The strong Grandmother Hypothesis

(written by lawrence krubner, however indented passages are often quotes). You can contact lawrence at: lawrence@krubner.com, or follow me on Twitter.

I was never a hunter, but when I was 20 I loved to explore forests. I’d go into the forest for days, and explore areas where I thought other folks had not been in a while. I was mostly on the east coast of the USA so I did not have to worry too much about bears. When I was out West I had some close calls with bobcats, but I was lucky.

Young men typically go on adventures into the wilds, to test themselves and to learn about the world. And there are men who are much more adventuring than I.

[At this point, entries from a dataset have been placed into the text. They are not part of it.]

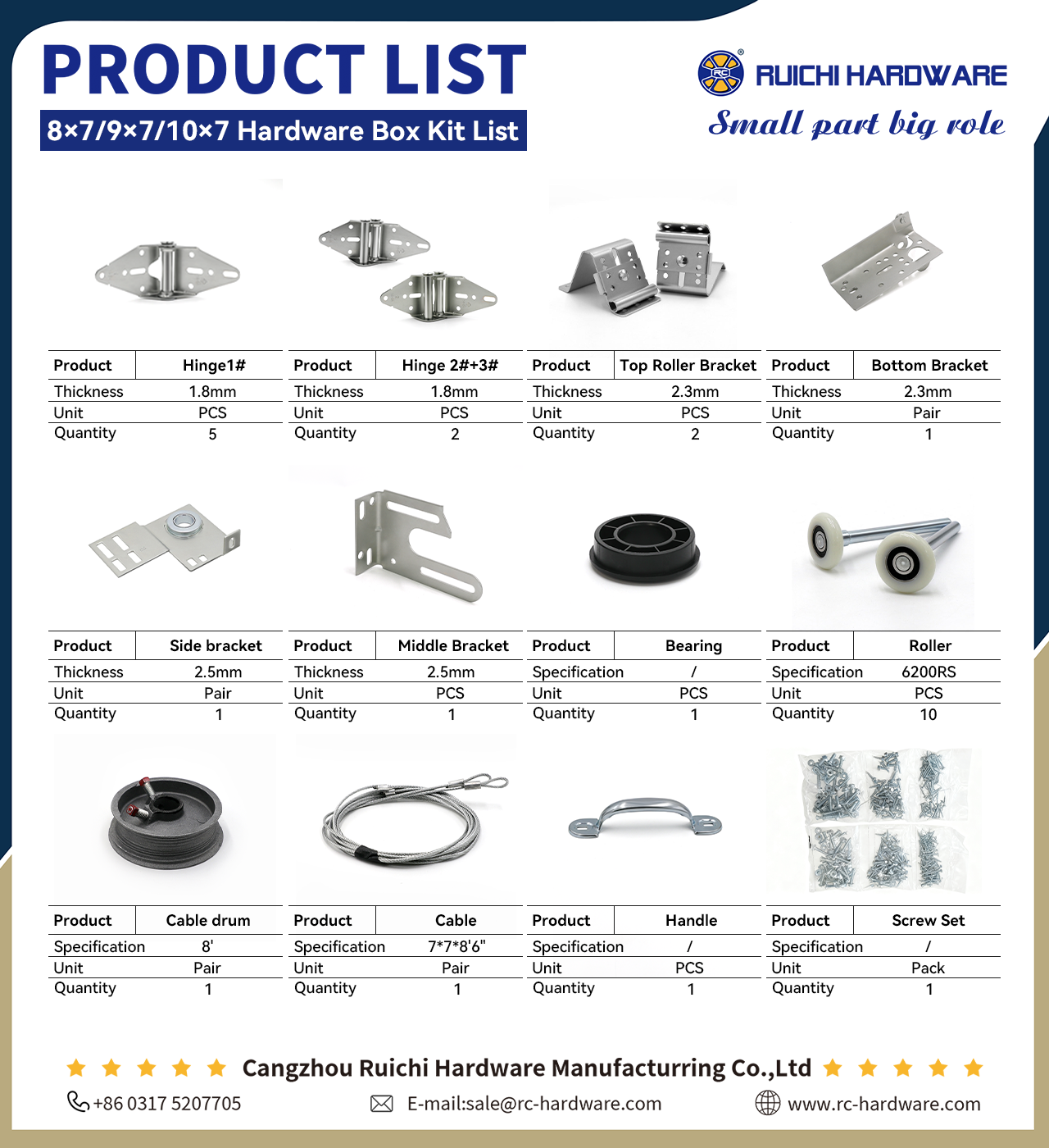 8×7 9×7 10×7 Hardware Box Kit List
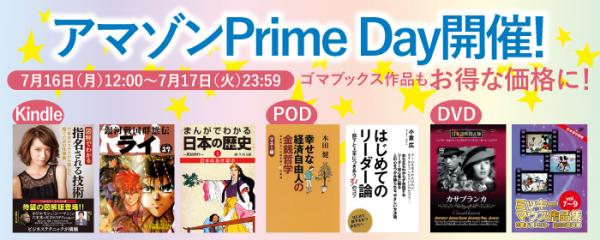 ゴマブックス株式会社(所在地:東京都港区、代表取締役社長:赤井仁)は、2018年7月16日(月)12:00~17日(火)23:59まで開催されるAmazon プライム会員を対象にした年に一度の大セール「アマゾンPrime Day」にあわせて、ゴマブックス作品(電子書籍、書籍、DVD)2,000タイトル以上が対象となるキャンペーンが開催されることをお知らせします。
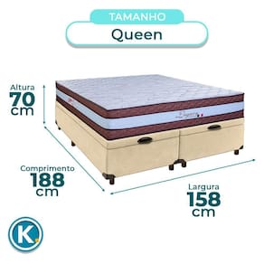 Modelo: Elite Marca: Nature Tamanho: Queen Tecido: Veludo Largura: 158cm Comprimento: 198cm Altura: 35cm Altura dos Pés: 7cm Material dos Pés: Madeira Suporte de Peso: 150Kg Peso: 40Kg Garantia: 3 Meses
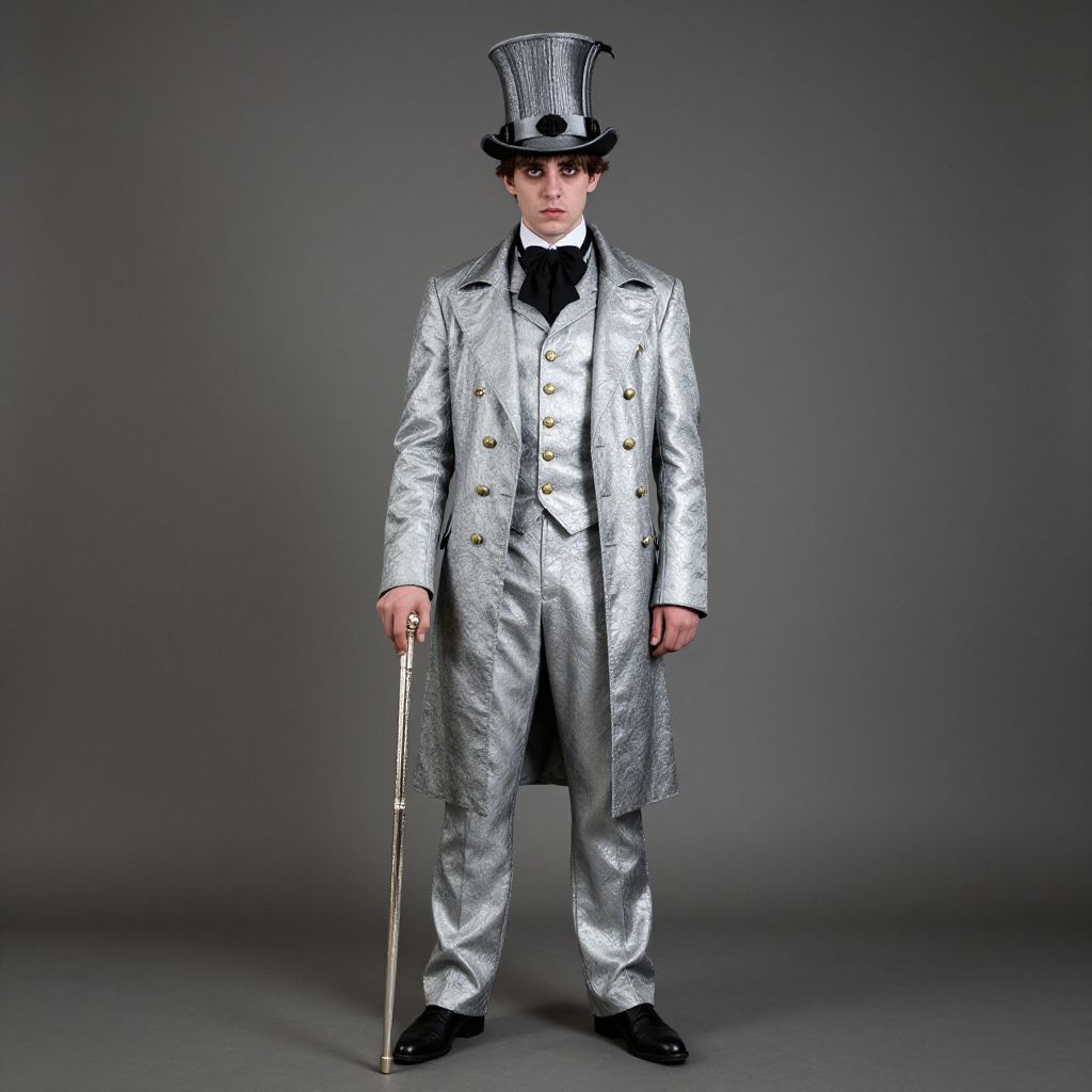 Photograph of a person standing against a plain gray background. They are wearing a shiny, metallic silver top hat, matching silver double-breasted coat with large buttons, and silver trousers. The coat is long, reaching down to the knees, and the trousers are slightly baggy. They have black shoes and are holding a silver cane in their right hand. The person has pale skin, dark eyebrows, and short dark hair. The overall style is reminiscent of a Victorian-era magician or performer. The metallic texture of the clothing reflects light, adding a dramatic effect to the image.
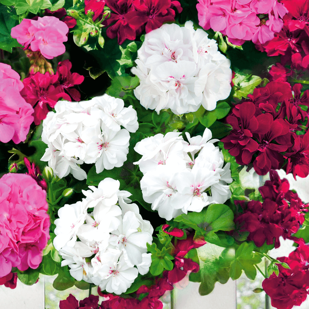 Conţinutul setului: 3 buc Mușcată semi curgătoare cu flori albe, involte. Înflorește toată vara și suportă bine temperaturile ridicate.
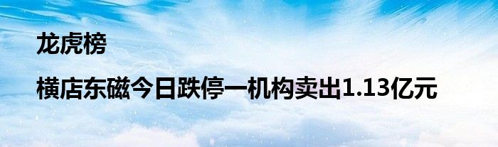 以上就是【龙虎榜|横店东磁今日跌停一机构卖出1.13亿元】相关内容。
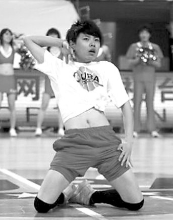 從4月1日起,網絡上就開始蔓延著聯賽期間暖場舞蹈隊的各種視頻。在這些視頻中,最吸引大學生們關注的并不是學生籃球明星或者漂亮的美女舞者,而是一名妝容艷麗、動作嬌媚的男生。
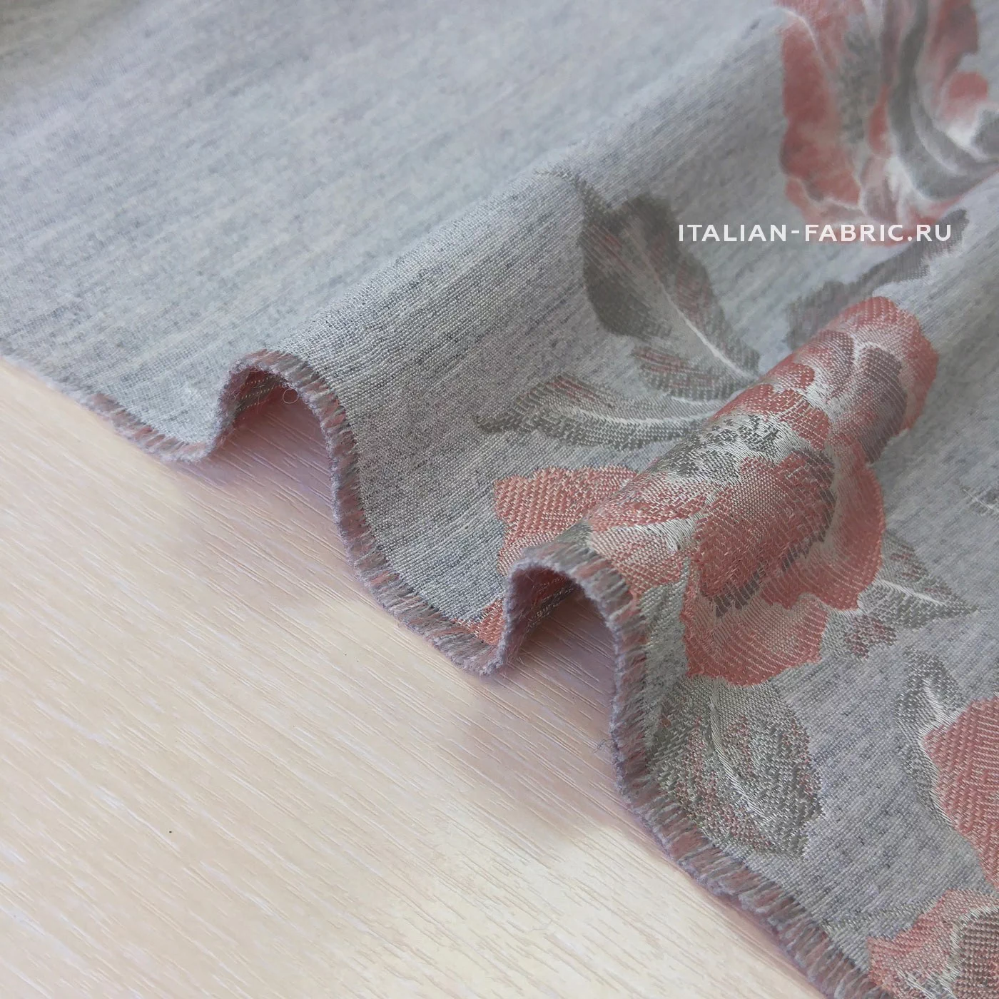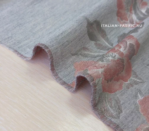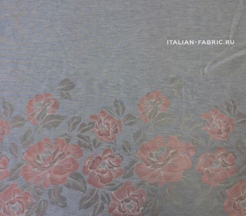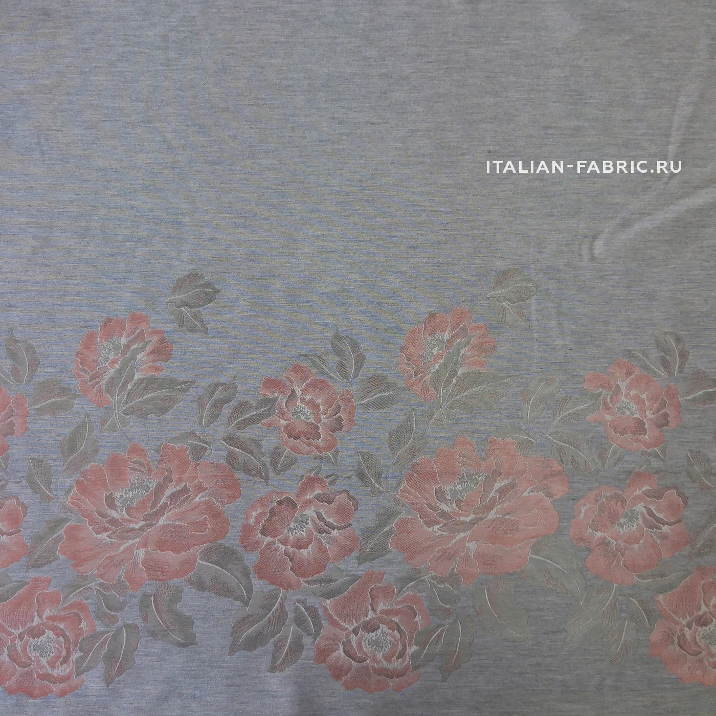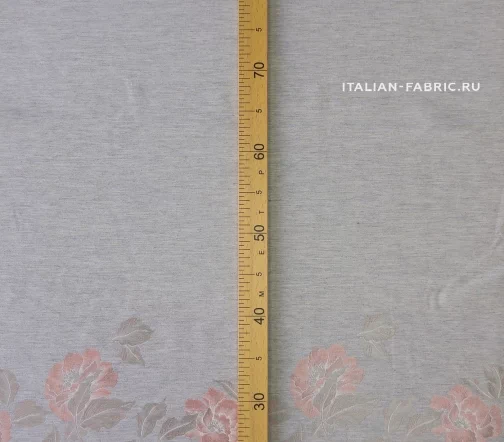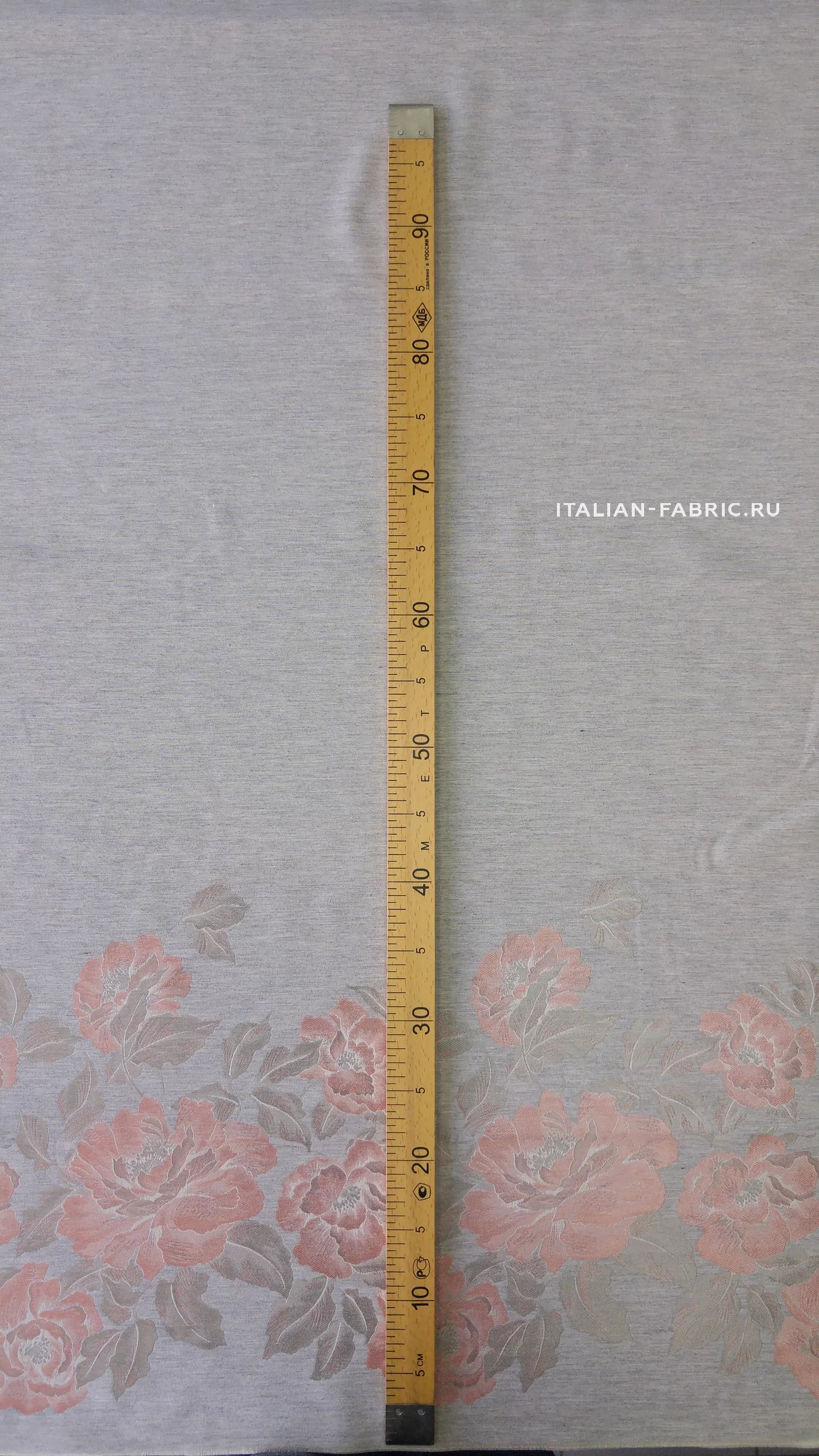 Размер купона: высота 115см, ширина 150см. Кайма 40см. Основной фон серый, принт нежный, розово-бежевый.
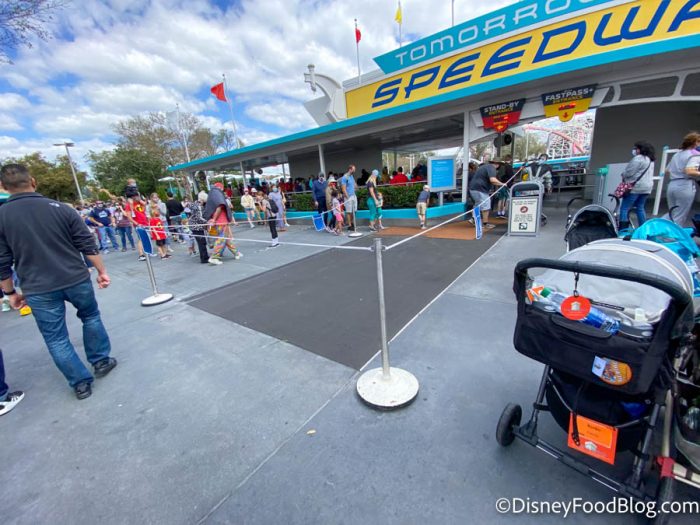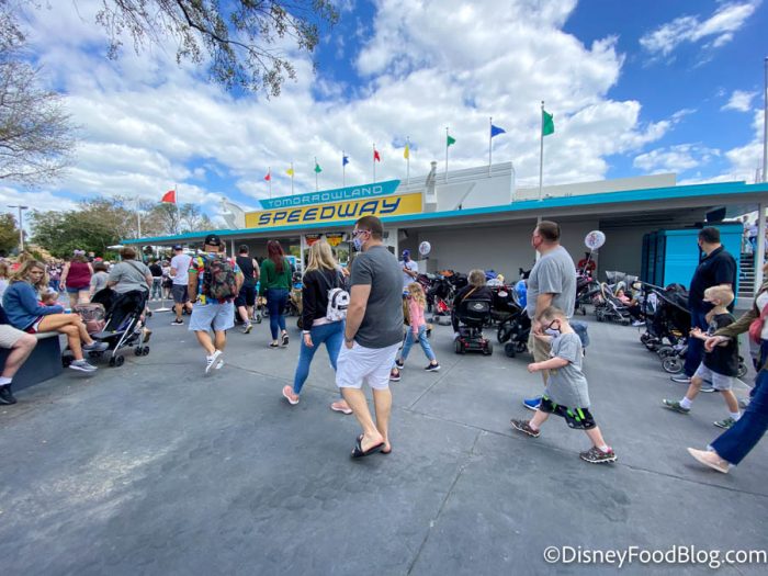 Over in Tomorrowland, the area near Tomorrowland Speedway is normally a more crowded point because there’s just less room to walk. Well, when we passed by yesterday there was even LESS room to maneuver since the strollers had to be temporarily moved.
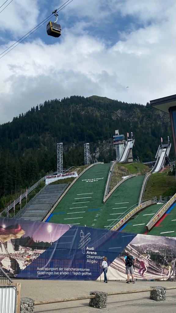 Nach zweieinhalb Stunden Aufenthalt in Oberstdorf mache ich mich wieder auf den Weg und schlendere vorbei an der Nebelhornbahn und den berühmten Ski-Sprungschanzen in Richtung Oytal.
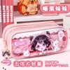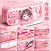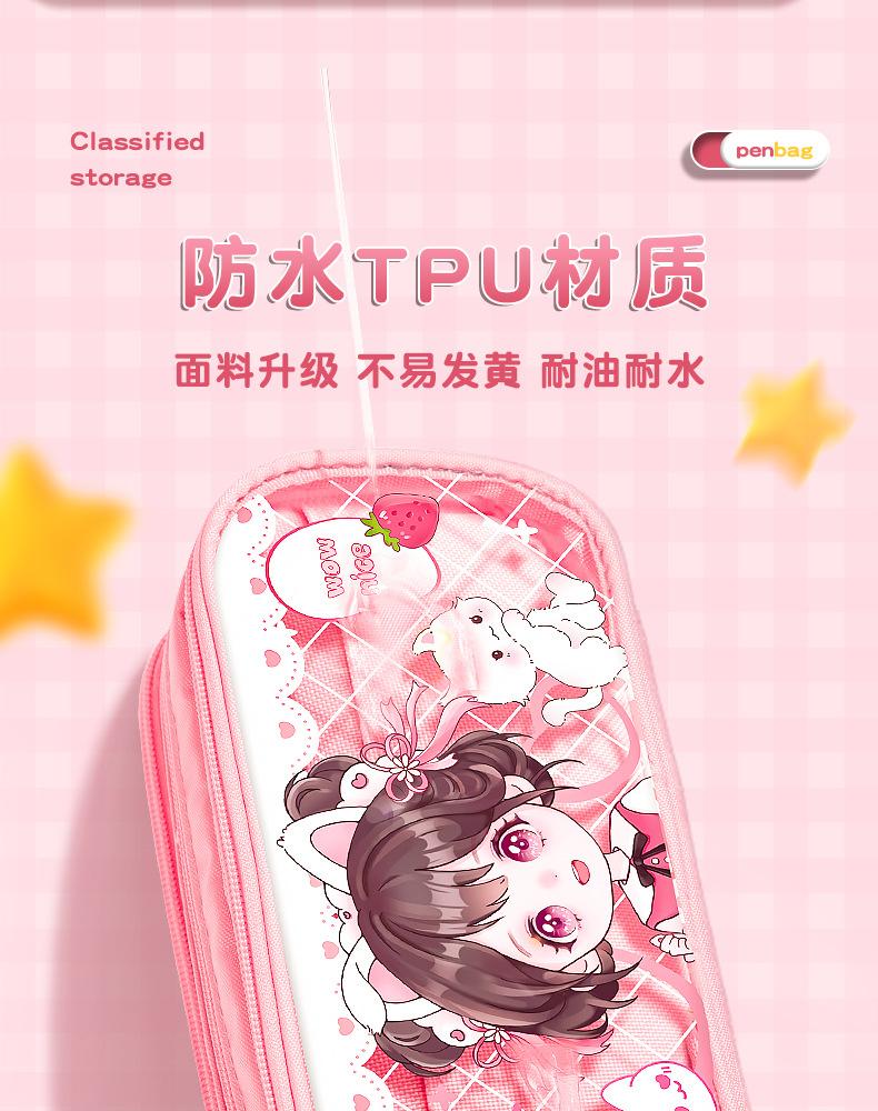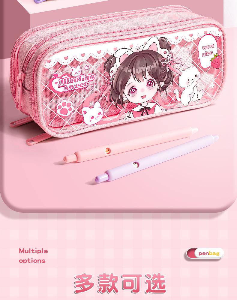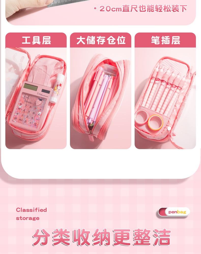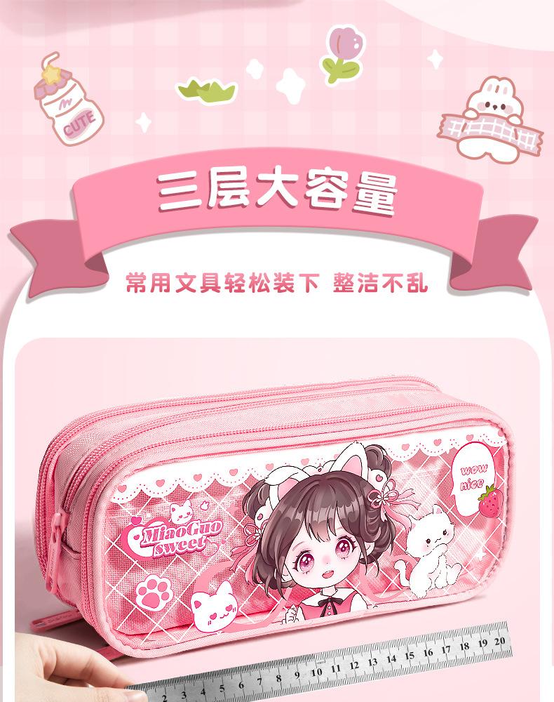 Estuche para lápices con bonito diseño de dibujos animados, transparente, de gran capacidad, para niños y niñas, para estudiantes de primaria, estuche para lápices, almacenamiento multicapa.

According to Ian Tattersall, modern homo sapiens arise around 200,000 years ago, somewhere in the region within a few hundred kilometers of Lake Victoria.

But Tattersall, and others, agree that homo sapiens first cross over to Saudi Arabia around 150,000 years ago, crossing by water at the southern most point, near Yemen.

For a healthy young man, even on a slow raft, it takes a few weeks to get from Kenya to Saudi Arabia. It does not take 50,000 years. Trying to explain why this expansion would take so long is an interesting thought experiment. Here are some ideas:

1.) War — there was so much fighting among human tribes that no one had any time to go on a fun expedition. Even when homo sapiens were few, the world was thick with humans of other species. As someone has pointed out (can’t remember who but I’ll edit this when I find the reference) since humans were a successful mammal group, and since bison were a successful mammal group, and at this time bison numbered 100 million, it seems likely the world had 100 million humans at this time. Not homo sapien, but humans. That’s already a lot of humans contend with. But it would stop young men from adventuring. If anything, it gives them a stronger motivation to try to find some uninhabited land.

2.) Fear of new foods and poison — this did not stop me from taking risks when I was in my 20s and it certainly wouldn’t stop the young men of 200,000 years ago, who basically had to devote their lives to figuring out what was safe to eat, since there was no grocery store where they could go and get “safe” food.

3.) Expansion in other directions — maybe lots of young men went exploring, but they simply preferred to explore the interior of the African continent, rather than it shores. This seems like a completely reasonable explanation for shorter periods of time, but not 50,000 years.

4.) Why should there be any expansion at all? — this is related to the question “Why should we assume economic growth is automatic?” And this is roughly what I expect the answer to be. Homo sapiens were not necessarily so adaptive that their growth should have been automatic. Sometimes yes, and sometimes no. They expanded, then they contracted, just like now. But what were some of the limits on that growth?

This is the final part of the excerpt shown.